Atmospheric dust is an important mass transfer and nutrient supply process in Earth surface ecosystems. For decades, Saharan dust has been hypothesized as a supplier of nutrients to the Amazon rainforest and eastern North America. However, isotope studies aimed at detecting Saharan dust in the American sedimentary record have been ambiguous. A large Saharan dust storm emerged off the coast of Africa in June 2020 and extended into the southeastern United States. This storm provided a means to evaluate the influence of Saharan dust in North America confirmed by independent satellite and ground observations. Precipitation samples from 17 sites within the National Atmospheric Deposition Program (NADP) were obtained from throughout the southeastern United States prior to, during, and after the arrival of Saharan dust.

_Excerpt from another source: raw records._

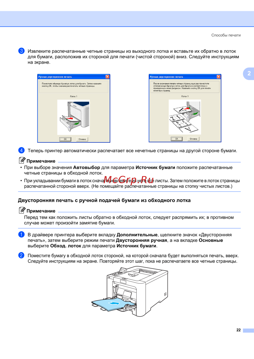 - Двусторонняя печать с ручной подачей бумаги из лотка для бумаги p.29
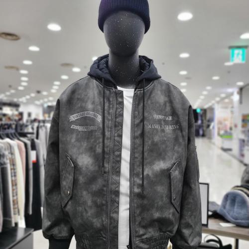 [히코튼]레더 후드 레이어드 항공 점퍼
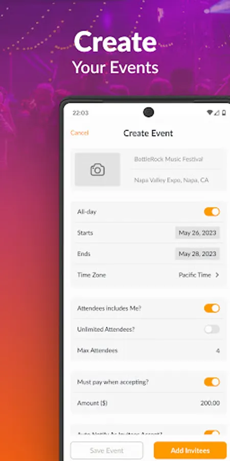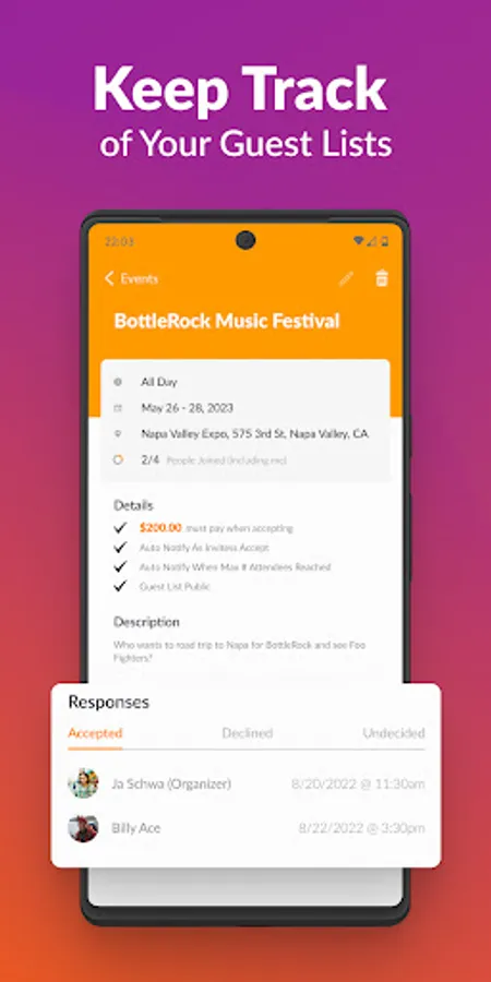 Actually, all the work about event invitations that currently lives across multiple scheduling, communications, and payment platforms, now you can finish in one place - In our app!
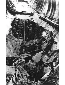 The first big part of the project was to divert the Colorado river around the construction site. The design of the dam included four 50-foot in diameter diversion tunnels drilled directly into the canyon wall and were used to divert the entire flow of the Colorado River, while the dam was being built. Following completion of the dam, two of the tunnels were used as spillways and the other two as paths to the powerhouse.

Precipitation samples were measured for their lead (Pb) isotopic composition, total Pb content, and 210Pb activity using multicollector inductively coupled plasma mass spectrometry. We measured a significant isotopic shift (approximately 0.7% in the 208Pb/206Pb relative to the 207Pb/206Pb) in precipitation that peaked in late June 2020 when the dust blanketed the southeastern United States. However, the magnitude and short time period of the isotopic shift would make it difficult to detect in sedimentary records.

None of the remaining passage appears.